Limitations & Future Work

  • Limited Dataset Scale: Although Truebones Zoo covers 70+ species, the motion variety for each species is limited (mostly basic movements like walking and running) and lacks complex interactive motions.
  • Incomplete Cache: The detailed methodology section (Sections 4-6) in the paper was truncated in the cache, leaving some quantitative experimental values incomplete. It is recommended to re-retrieve the complete text later.
  • Lack of Physical Constraints: Generated motions might violate laws of physics (such as gravity or contact forces).

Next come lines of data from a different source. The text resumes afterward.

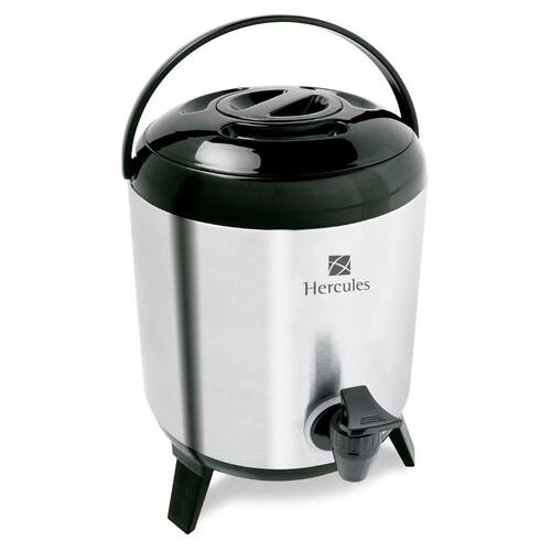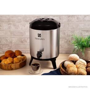 Botijão Térmico Hércules 7,7 Litros em Aço Inox, com torneira para servir, pés dobraveis e alça para transporte. Revestimento externo em aço inox e depósito em alumínio.
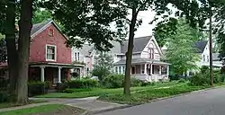 The Old West Side contains primarily small, one family homes located on tree-lined streets. These houses are typically two stories in height with six or seven rooms. About 85% of the houses are of frame construction, and the majority are clad with clapboard. Also included are houses with shingled or stuccoed exteriors, and about 15% of the houses are brick. Many of the houses have front gabled roofs and a wide pillared front porch. The larger houses, predominantly along West Liberty, in the neighborhood are generally irregular in plan, have additional side porches, and contain more architectural detail and elaborate ornamentation.[3]
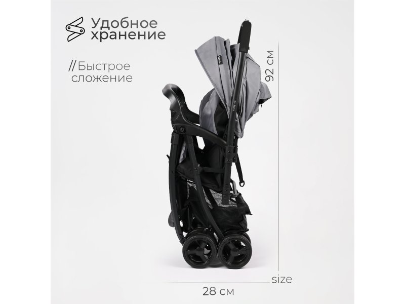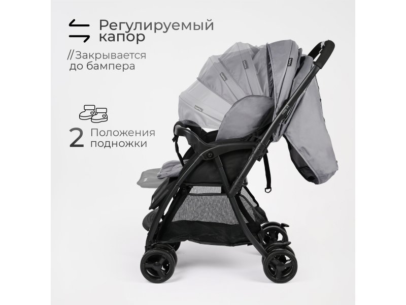 Увеличенный капюшон и тёплый чехол для ног делают эту коляску подходящей для любого сезона.

Future work could integrate physical simulators as post-processing steps or implement physics-aware losses.
  • Absence of Multi-Object Interaction: Current work considers only single-object motions, without touching upon interactions between multiple objects (e.g., two animals fighting).

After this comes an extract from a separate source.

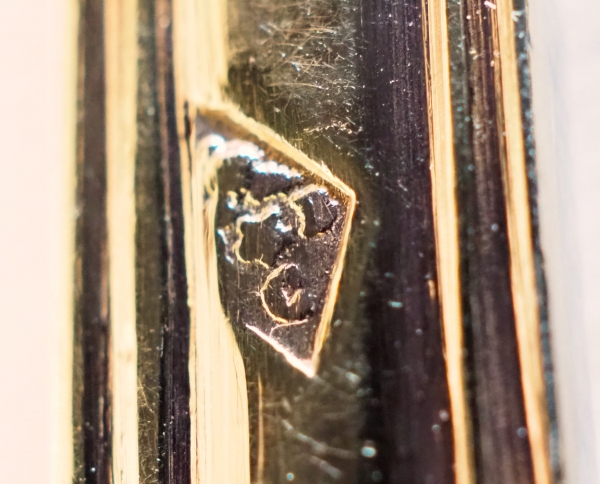 Les couverts portent le poinçon Vieillard 1er titre en usage entre 1819 et 1838, le poinçon de grosse garantie de Paris, ainsi qu'un poinçon d'orfèvre non encore identifié.

  • Skeletal Structure Assumption: The method assumes the input skeleton is a tree structure, making it unable to handle loop constraints (such as closed-chain kinematics) commonly found in robotics and certain character animations.
  • Future Directions:
    • Combine with 3D generative models (e.g., DreamFusion) to synthesize animated 3D objects directly from text.
    • Introduce physics-informed losses to improve the physical plausibility of synthesized motions.
    • Extend the framework to motion synthesis in multi-object interaction scenarios.
  • vs MDM (Tevet et al., 2023): MDM is the base model of this work but only supports a fixed human skeleton. This work extends it to arbitrary skeletal templates via TreePE and RestPE, which trades encoding complexity for generality.
  • vs SinMDM (Raab et al., 2024): SinMDM generates variants using internal motifs of a single motion sample without text guidance. This work is a large-scale data-driven and text-conditional approach, rendering them complementary—SinMDM is suited for fine-grained editing while this method excels at generation from scratch.
  • vs OmniMotion-GPT (Yang et al., 2024): OmniMotion-GPT achieves quadruped motion synthesis via human-to-animal motion transfer, but is limited to quadrupeds. The unified framework proposed in this work is more versatile.
  • vs MAS (Kapon et al., 2024): MAS performs horse motion synthesis via 2D-to-3D lifting, which is complex and species-restricted. The proposed method is simpler and supports arbitrary species.
  • Insights: The concept of TreePE can be explored for scene graph modeling in multimodal VLMs. The idea of Rig Augmentation can be transferred to data augmentation for human pose estimation.

Rating

  • Novelty: ⭐⭐⭐⭐⭐ Represents the first unified framework to solve text-driven motion synthesis for large-vocabulary heterogeneous skeletons. The problem definition itself is an important contribution.
  • Experimental Thoroughness: ⭐⭐⭐⭐ Ablation studies fully validate the contributions of individual modules, though quantitative comparisons are somewhat constrained by the limited number of comparable baselines.
  • Writing Quality: ⭐⭐⭐⭐ The structure is clear, motivation is thoroughly explained, and Figures 1 and 2 are highly informative.
  • Value: ⭐⭐⭐⭐⭐ Provides a practical motion generation workflow for 3D content creation (animation, games, VR). The dataset and code are promised to be open-source.